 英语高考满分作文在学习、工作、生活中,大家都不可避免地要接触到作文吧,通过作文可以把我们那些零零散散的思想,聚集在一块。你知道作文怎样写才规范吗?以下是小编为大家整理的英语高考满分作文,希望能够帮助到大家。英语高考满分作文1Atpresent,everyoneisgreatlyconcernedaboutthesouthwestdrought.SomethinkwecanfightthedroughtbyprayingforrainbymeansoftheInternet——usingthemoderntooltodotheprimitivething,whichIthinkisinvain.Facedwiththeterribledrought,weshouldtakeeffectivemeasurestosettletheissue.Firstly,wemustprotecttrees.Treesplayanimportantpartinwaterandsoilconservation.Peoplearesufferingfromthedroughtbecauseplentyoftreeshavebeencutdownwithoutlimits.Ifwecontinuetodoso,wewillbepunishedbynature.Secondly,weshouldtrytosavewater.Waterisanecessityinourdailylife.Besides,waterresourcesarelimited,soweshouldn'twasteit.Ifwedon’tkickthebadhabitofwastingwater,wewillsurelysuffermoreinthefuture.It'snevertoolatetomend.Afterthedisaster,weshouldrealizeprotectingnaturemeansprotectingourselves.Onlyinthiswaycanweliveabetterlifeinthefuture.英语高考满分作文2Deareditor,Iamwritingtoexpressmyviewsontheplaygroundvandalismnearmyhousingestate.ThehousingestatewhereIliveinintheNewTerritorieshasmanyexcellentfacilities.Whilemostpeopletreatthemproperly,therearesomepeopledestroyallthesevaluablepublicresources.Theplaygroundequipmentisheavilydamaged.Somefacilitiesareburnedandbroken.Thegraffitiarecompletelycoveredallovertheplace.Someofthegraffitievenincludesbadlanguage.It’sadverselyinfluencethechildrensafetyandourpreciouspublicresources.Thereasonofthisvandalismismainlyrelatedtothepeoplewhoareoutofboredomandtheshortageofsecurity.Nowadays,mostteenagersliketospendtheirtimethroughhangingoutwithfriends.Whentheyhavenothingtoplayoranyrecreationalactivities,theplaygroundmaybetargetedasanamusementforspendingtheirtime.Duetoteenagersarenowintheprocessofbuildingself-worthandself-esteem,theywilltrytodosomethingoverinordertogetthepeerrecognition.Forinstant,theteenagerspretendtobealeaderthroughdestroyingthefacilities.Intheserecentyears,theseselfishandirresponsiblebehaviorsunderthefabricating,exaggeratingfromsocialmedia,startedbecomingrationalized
----
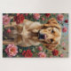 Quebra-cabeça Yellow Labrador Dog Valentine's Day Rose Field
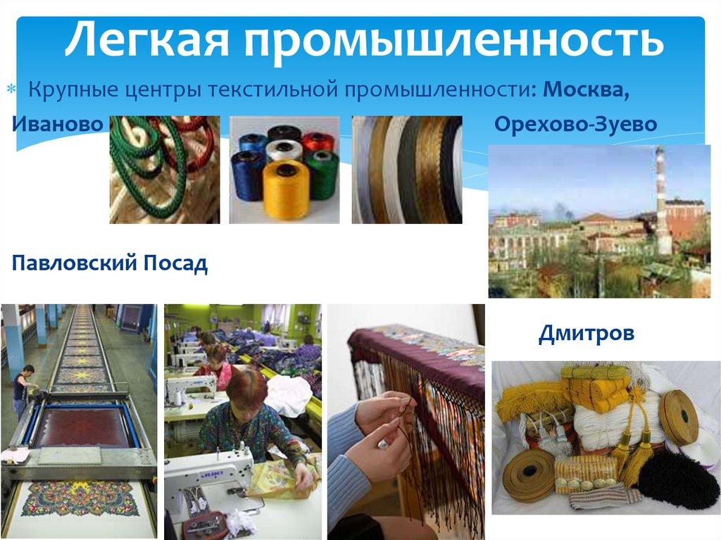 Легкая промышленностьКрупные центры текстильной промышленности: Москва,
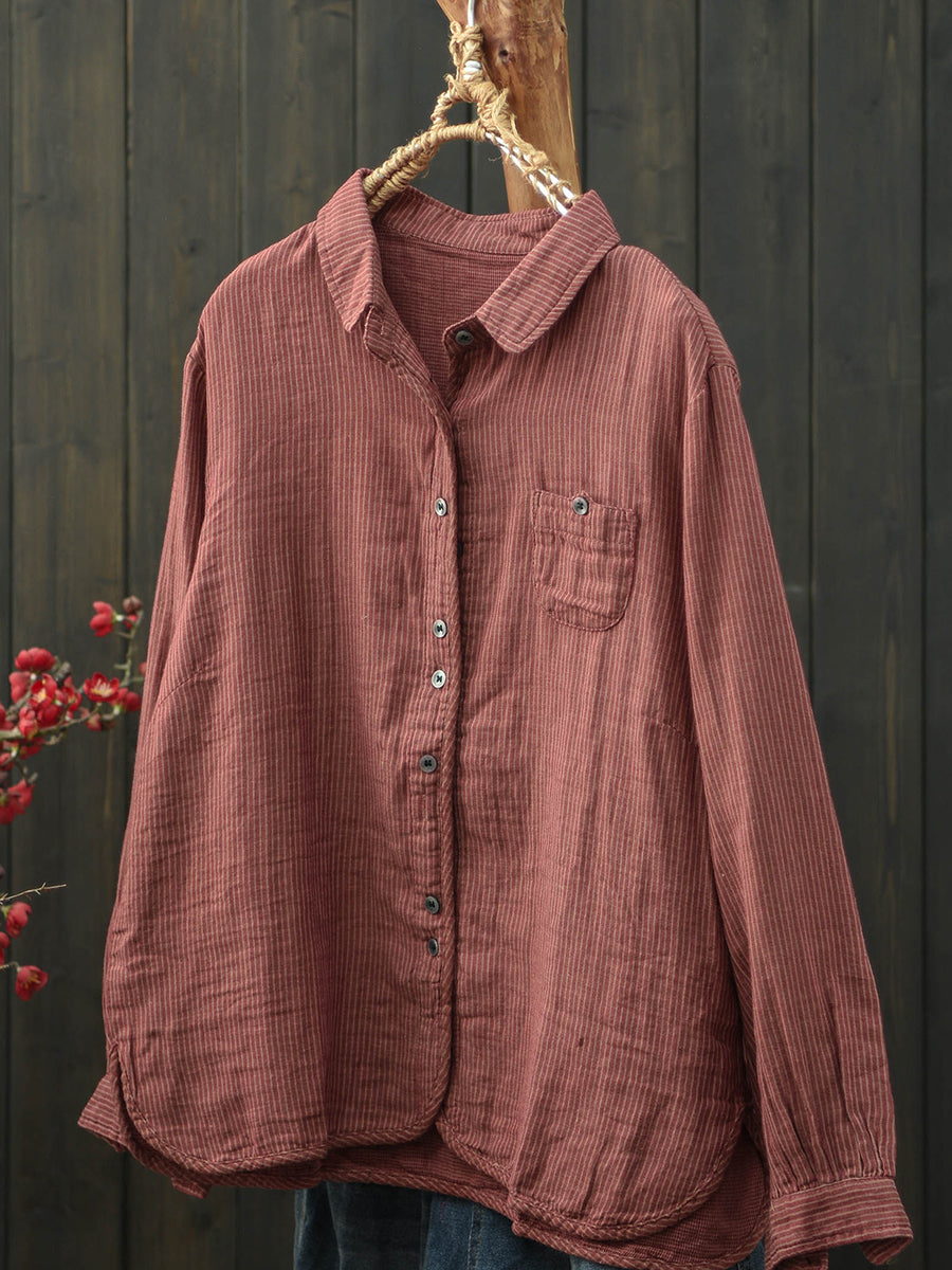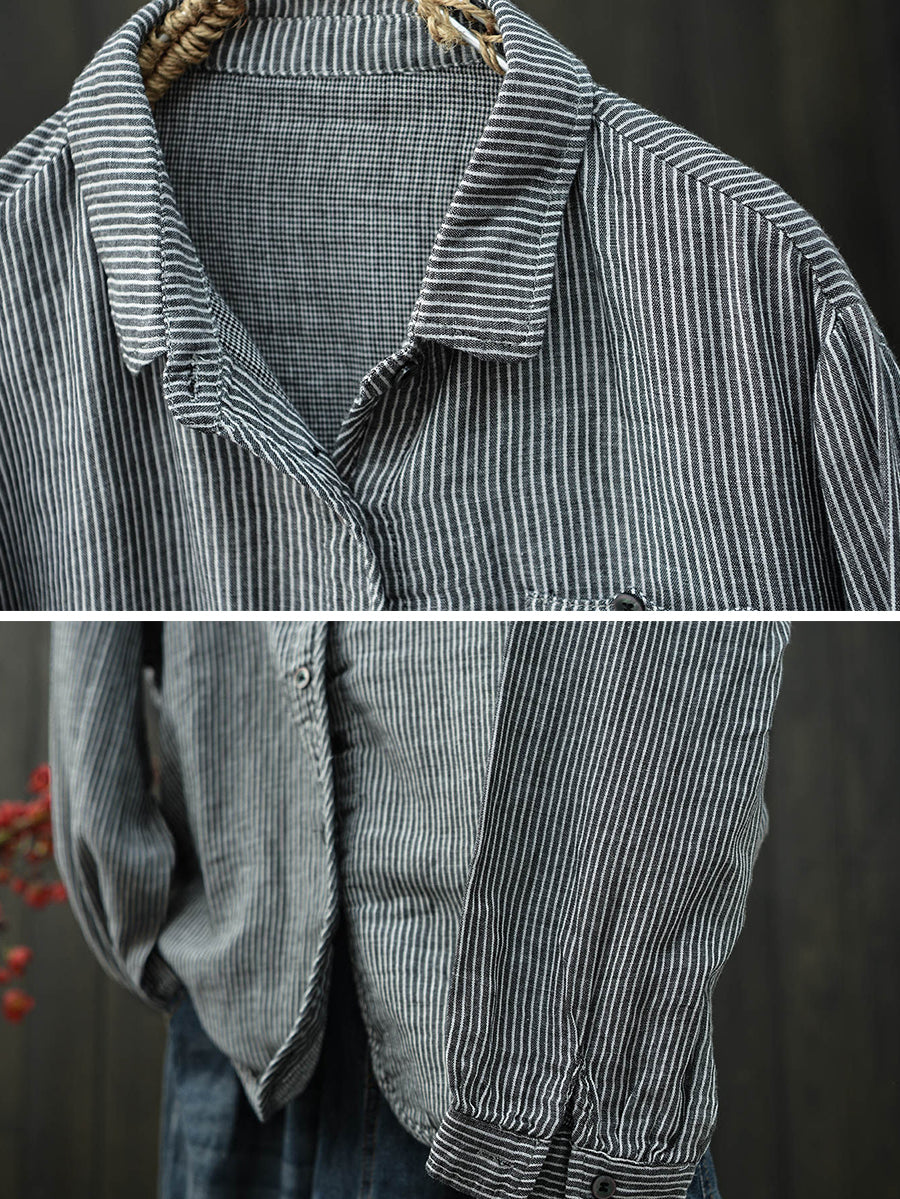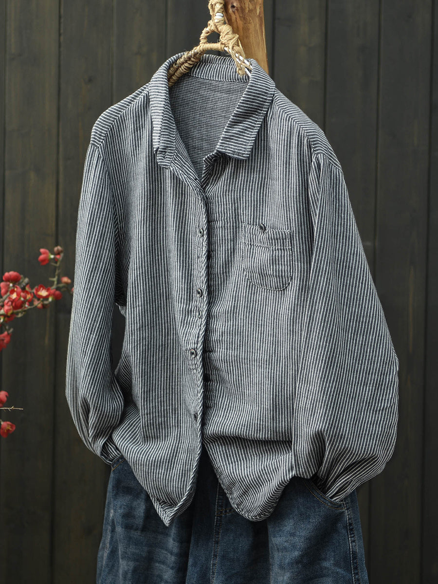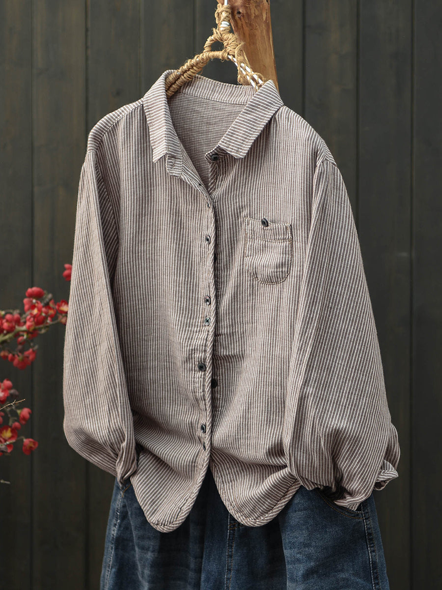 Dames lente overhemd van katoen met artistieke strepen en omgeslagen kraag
----
= WORK REQUEST =
Write out, word for word, the stretch of entries that begins at the line with "Quebra-cabeça Yellow Labrador" and ends at the line with "Dames lente overhemd". Pictures do not belong in it.

= ANSWER SPACE =
 Quebra-cabeça Yellow Labrador Dog Valentine's Day Rose Field
 Легкая промышленностьКрупные центры текстильной промышленности: Москва,
 Dames lente overhemd van katoen met artistieke strepen en omgeslagen kraag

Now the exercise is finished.